Оцените материал

Просмотров: 13823

Штайн, Тальхаймер, Някрошюс: интерпретация «Фауста»

Алексей Бартошевич · 07/10/2008
Труднее всего в поэме Гете современному театру дается момент спасения грешной человеческой души

Имена:  Михаэль Тальхаймер · Петер Штайн · Эймунтас Някрошюс

©  Getty Images / Fotobank

 Людвиг Фердинанд Шнорр фон Каролсфельд. Фауст. 1828

Людвиг Фердинанд Шнорр фон Каролсфельд.

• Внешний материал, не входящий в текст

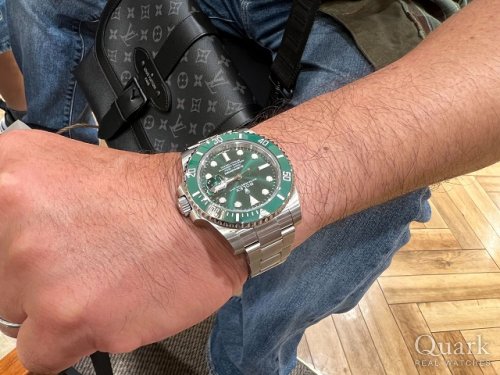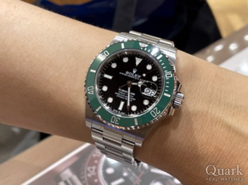 M様 この度は数ある時計店からクォーク名古屋店をご利用いただき誠にありがとうございます。ご購入いただきました『Ref.116610LV』は2018年式の個体で、現在ディスコン(廃盤)となったモデルでございます。こちらのモデルは2003年にSUBMARINER誕生50周年を記念し発表された16610LVの次期モデルとして、現在人気急上昇中のSUBMARINERで御座います。2010年にリニューアルしたベゼル・ダイヤル両方ともがグリーンの通称『ハルク』で、現行の緑サブよりも希少性・資産性が高いお時計でございます。SUBMARINERは人気のモデルとなりますので、M様の自慢の一本になると思います! またブレス洗浄、タイムチェックも無料で行っておりますので、お近くにお越しの際は遊びにいらしてくださいませ。お使いいただく上で何かご不明な点等ございましたら、また久保までご相談ください。

Фауст. 1828

В финале первой части «Фауста» над осужденной на казнь грешницей Гретхен голос свыше возвещает: «Спасена!» Это высшая и завершающая точка всей философской конструкции драматической поэмы немецкого классика. Без этого «Спасена!» нет трагедии Гете. Но современное сознание сталкивается здесь с труднопреодолимым препятствием. Сегодняшнему театру, обремененному историческим опытом ХХ столетия, легко даются истории о договоре с дьяволом, соблазне сверхчеловеческой властью, об искушении и гибели Маргариты — все то, что говорит о поражении человека и прочих мрачных вещах. Но что делать с этим «Спасена!»? Как соединить возможность спасения с тем, что сегодняшнему «фаустовскому человеку» известно о мироустройстве и человеческой природе? Помимо философского вопроса, тут есть еще и вопрос практический: как поставить это на сцене?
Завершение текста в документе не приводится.